I feel like today is a lucky day for me. I had looked forward to the year 2016 because my fascination with the number 216 made me hopeful that it would be a good year for me. It wasn't that awesome but it wasn't bloody awful either. I think the general consensus, however, is that 2016 has been a pretty shitty year all around the world. Oh, and the only reason this year wasn't bloody awful is because I moved back home at just the right time. I said to moms that I really didn't think I would have coped living in the flat, struggling with everything on my own.
I have been much too drained to keep up any kind of online presence. I have one more week of mentalness and then a relaxing 3 day break to look forward to. I've almost made it. This is the very pinnacle of surfing the blowhole. Last week I hit a brick wall. Everything seemed bleak. The week before that I overthought myself into a frenzy that I think too much to become a counsellor. You can think yourself round in circles like a dog chasing it's tail. Just as fruitless though a lot less fun.
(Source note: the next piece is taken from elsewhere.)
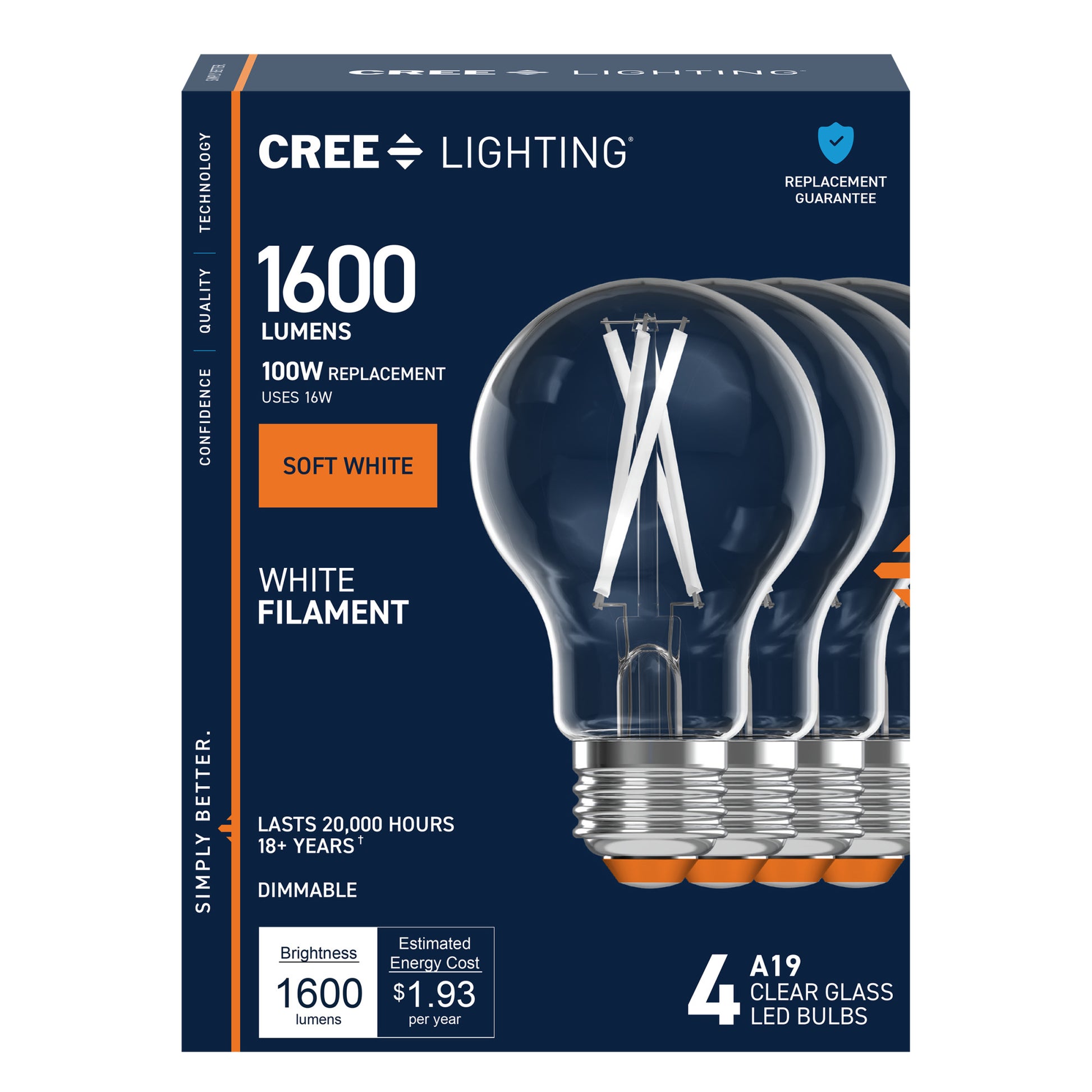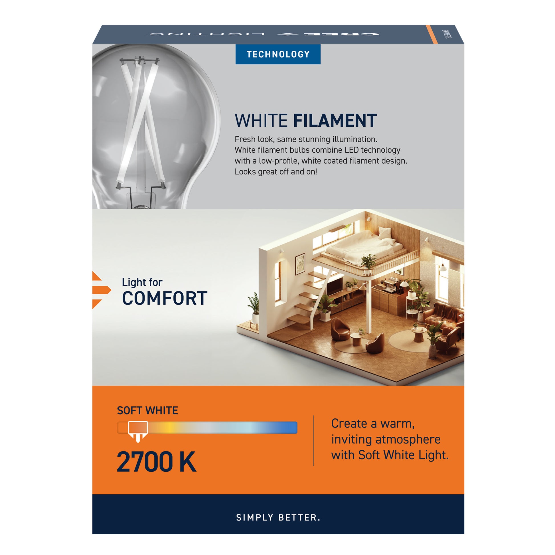 Refresh your lighting to fit your aesthetic with our White Filament LED A19 Soft White bulb. Equipped with low-profile, white coated filament design, these clear glass bulbs give off stunning illumination while on and blend seamlessly into your decor while off. The Soft White (2700K) tone creates a warm, inviting atmosphere that makes any space feel like home for up to 20,000 hours. The remarkable 90+ Color Rendering Index (CRI) makes colors appear more vivid and true-to-life, enhancing the beauty of your home's decor and making everything look its best. This 1600 Lumen bulb has a medium-size E26 base, making it an easy upgrade from traditional 100W incandescent bulbs in almost any fixture. Replacements are fewer and further between with eco-friendly, LED bulb technology that uses 84% less energy than incandescent bulbs. Whether it's in your living room, bedroom, or reading nook, enjoy flicker-free, sustainable lighting that elevates your fixtures with effortlessly sleek style.
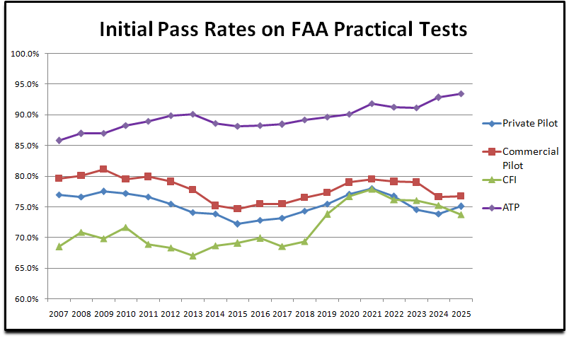 We saw positive trends on the Private Pilot, Commercial Pilot, and ATP practical test events. Not signficant changes in the pass rates, but at least not going down. The CFI was the one that continued to show a trend downward, though.

And with confidence in tatters as usual I mustered another little last ounce of strength. I used it to sing a few songs at Uncle T's open mic night. Gus helped. He helped a lot by playing the wrong chords which resulted in us laughing which kinda made people interested. We played to a small but friendly and supportive crowd who were full of compliments afterwards.
Almost just as exciting as that, and a big part of the reason why I feel today is a lucky day, my new Irish passport arrived which means I can think about getting a small break away somewhere. It's great being so easily pleased :)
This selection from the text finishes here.